I suspect local authorities won’t have the capacity to do much either. So who? Charities? Schools themselves, just as the teachers are looking forward to a break after working through Easter and the half terms? Motivated groups of parents?
Johnson says it’s going to happen
But he has not said how
I think he simply thinks teachers are infinitely available at his whim to achieve this without any consideration of their contracts, lives or simply fatigue
“Johnson says it’s going to happen”
Hmmm….well that does rather seem to be his modus operandi; say it’s going to happen and then pretend it has.
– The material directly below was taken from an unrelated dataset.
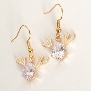 New Rhinestone Crystal Deer Stag Reindeer 18k gold plated hooks Sparkle Earrings

Before long we’ll see how this applies to Brexit since the Coronavirus pandemic is over now, according to the Johnson method of government as wish fulfilment. Actually I think Johnson has been trying to pretend that Brexit is done already. The little boy who wanted to be king of the world has grown up to be Prime Minister of Never never land.
Every night before I go to sleep I’m going to try saying “I don’t believe in government special advisors”.
I’m not sure it’s entirely fair to run a government in this way. We should have been told in Johnson’s election manifestos that we were changing from the Lewis Carroll model to the to JM Barrie model society.
Sans a vaccine, a tight long lockdown, and a very slow, careful, inch-by-inch exit is the only way to squeeze down on the presence of the virus to low risk levels; then with a local, fast, structured test and trace operation, we can begin to allow sufficient activity to operate a living economy. Only the first part: long lockdown, the slow exit, test and trace wherever needed at point of need; allows the possibility of a viable economy to follow.
I think that is what Scotland is currently trying to do (and the r value is now circa 0.6-0.8). Sans vaccine I do not understand how else it can be done. I do not claim public health or epidemiological expertise, but that is what I see. I have no idea what the British Government is doing, or trying to do, or even whether they know themselves.